En cualquier gobierno democrático el presidente
se comunica con los ciudadanos a través de los medios de comunicación que le
plantean preguntas que transmiten las inquietudes de la gente. En este caso
existe un dilema insoluble: Castillo no puede contestar las interrogantes más
elementales y tampoco puede permanecer siempre en silencio, realizando de
cuando en cuando demagógicas arengas de plazuela o balbuceando incoherencias
cuando lee -con errores- discursos que le han preparado.
Del Rincón puso el dedo en la llaga cuando
preguntó, por ejemplo, sobre los desastrosos nombramientos que ha hecho -y
sigue haciendo- Castillo desde el primer día. No pudo contestar porque nombro
ministros a sujetos vinculados a Sendero Luminoso como Iber Maraví o Guido
Bellido, o al antiguo terrorista Héctor Béjar. Tampoco dijo porque salieron del
gobierno.
El asunto es que nunca pudo justificar
esas designaciones, jamás explicó a los ciudadanos porque los nombró y tampoco nunca
aclaró porque los expectoraron. Esa es una constante en el desempeño de
Castillo, no solo para los nombramientos y ceses, sino para absolutamente todas
las acciones que ha realizado el gobierno. No es capaz de explicar por qué
aumenta la deuda pública, por qué permiten que bloqueen carreteras y cierren minas,
porque quieren declarar el estado de emergencia para -supuestamente- combatir la
delincuencia (esa pregunta se la hizo un periodista peruano en una
indescriptible conversación y lo que dijo fue un galimatías ininteligible), ni
porque quiere cambiar la Constitución.
Su absoluta ignorancia se evidenció cuando, confrontado
por Del Rincón sobre su intervención en un evento el cual coreaba “mar para
Bolivia”, se negó a ratificar -o rectificar- ese disparate y sostuvo que “el
pueblo decidiría”, su muletilla para tratar de justificar las incontables
sandeces que emite todos los días. Ese sujeto no sabe que hay cosas sobre las
que “el pueblo” no puede decidir, como la integridad territorial. Tampoco se
podría poner a consideración del “pueblo” algo como las leyes de Núremberg que
los nazis aprobaron en 1935 para perseguir a los judíos. Es incapaz de entender
algo tan elemental, que toda persona que aspira al cargo político más modesto
debe saber.
Mintió cuando se negó a responder las preguntas
sobre Venezuela. En los hechos ha cambiado la política exterior peruana
designando un embajador en Venezuela y recibiendo al de Nicolás Maduro. Pero
fue tan cobarde que no lo admitió explícitamente.
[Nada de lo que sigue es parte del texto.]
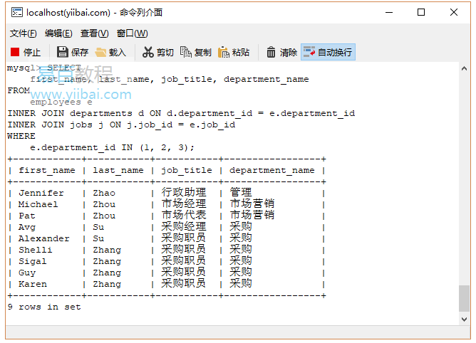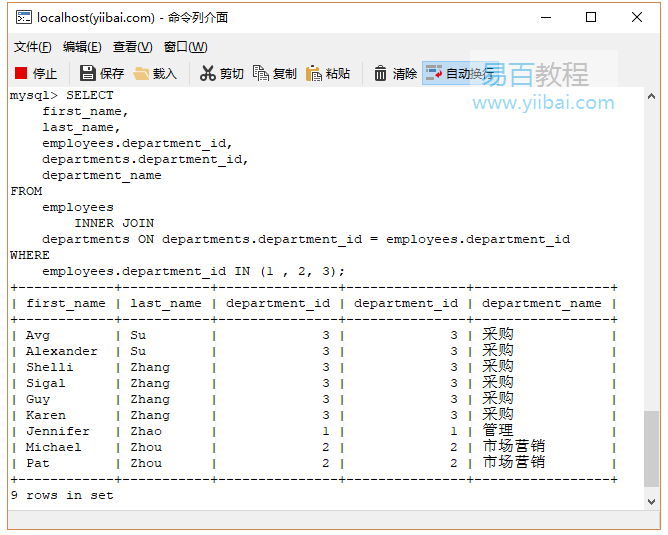 如果满足条件employees.department_id = departments.department_id,则employees和departments表中行的数据的组合行将包含在结果集中。
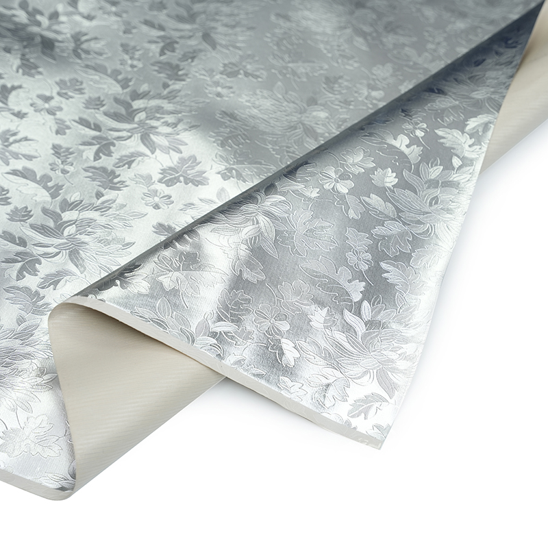 รูปแบบของผู้ติดตามหนังสีเงินส่วนใหญ่ประกอบด้วยวัสดุสังเคราะห์คุณภาพสูงออกแบบมาอย่างระมัดระวังเพื่อเลียนแบบรูปลักษณ์ที่หรูหราของเงิน รูปแบบผู้ติดตามที่สลับซับซ้อนช่วยเพิ่มเสน่ห์ของภาพสร้างพื้นผิวที่เป็นเอกลักษณ์และสะดุดตา ทางเลือกของวัสดุนี้นำเสนอทางเลือกที่ปราศจากความโหดร้ายสำหรับหนังแท้ในขณะที่ยังคงความซับซ้อนในระดับสูง
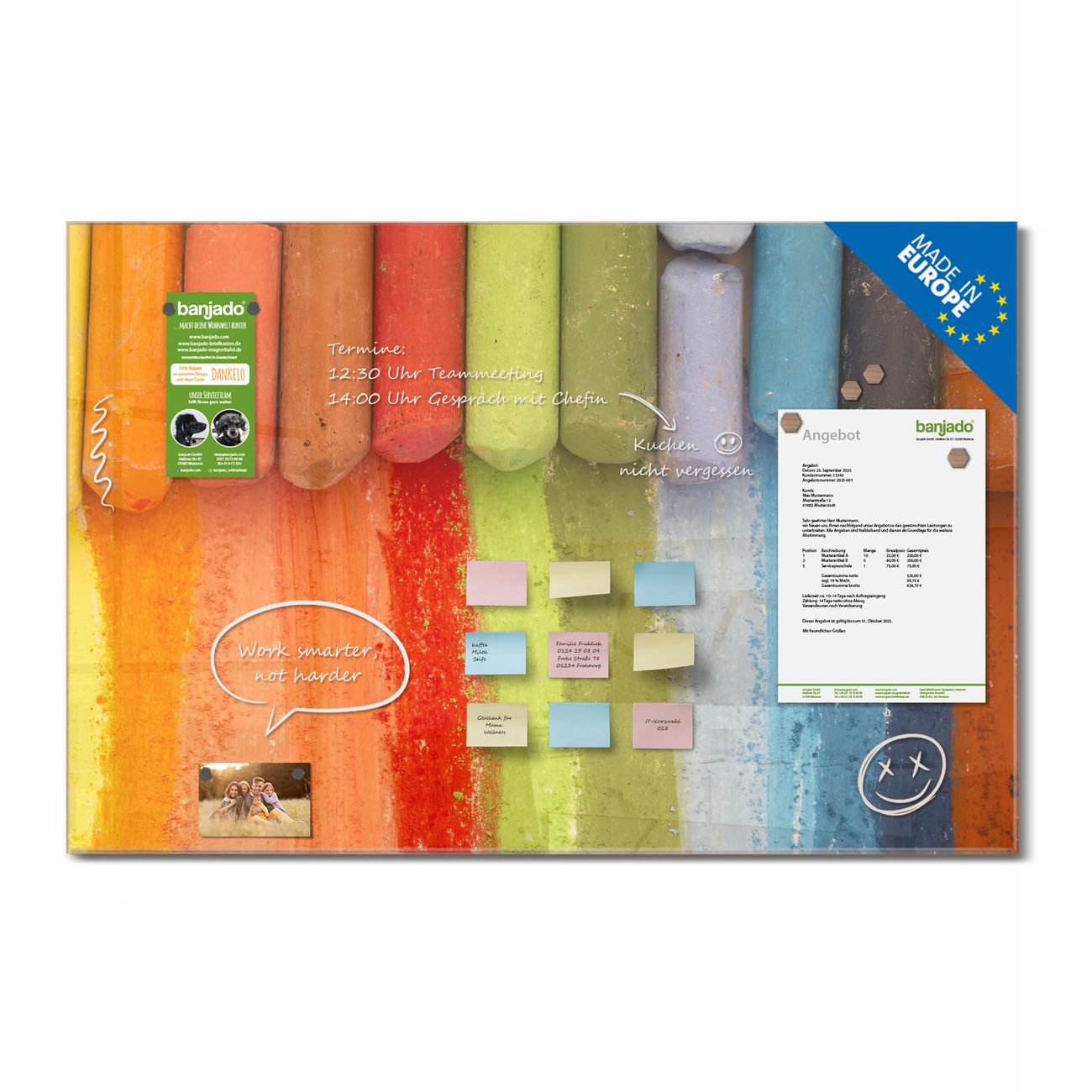 Die banjado Glas Magnettafel mit dem Motiv Motiv Regenbogenkreide verbindet Funktionalität mit Stil. Sie ersetzt das Zettelchaos durch klare Strukturen und bringt dabei eine warme, natürliche Atmosphäre in Ihr Zuhause. Ob im Büro, in der Küche oder im Eingangsbereich - dieses Design-Board zieht Blicke an und sorgt für Ordnung mit Charakter.

No puede explicar nunca nada coherentemente por
una combinación de las tres I aludidas en el título de este artículo: es un
ignorante, inepto e incapaz. No se trata de insultos ni de adjetivaciones
gratuitas sino de descripciones exactas de las características del individuo
que ocupa Palacio.
Ignorante: Que ignora o desconoce algo.
Que carece de cultura o conocimientos.
Inepto: No apto ni a propósito para algo.
Necio o incapaz.
Incapaz: Que no tiene capacidad o aptitud para algo.
Falto de talento.
A lo cual hay que sumar la C de
corrupción. No solo ha nombrado a
funcionarios involucrados en casos de corrupción sino que él mismo esta
implicado directamente en varios hechos aparentemente delictivos, como la relación
con Karelim López y el contrato millonario de una empresa constructora que
asesoraba o los oscuros negocios de Petroperú. En estos casos se contradijo y
no pudo aclarar ninguna de las imputaciones.
En suma, comprobadamente ignorante,
inepto e incapaz, presuntamente corrupto (tampoco hay que olvidar que llegó al
gobierno como miembro de y financiado por un partido que la fiscalía define
como organización criminal, los dinámicos del centro) y definitivamente relacionado
con Sendero Luminoso como lo demuestran las investigaciones de la Dircote desde
2017, y los nombramientos de ministros y prefectos vinculados a ese grupo.
No hay duda que la única alternativa
para evitar el descalabro del Perú es vacar a ese individuo y a su gavilla.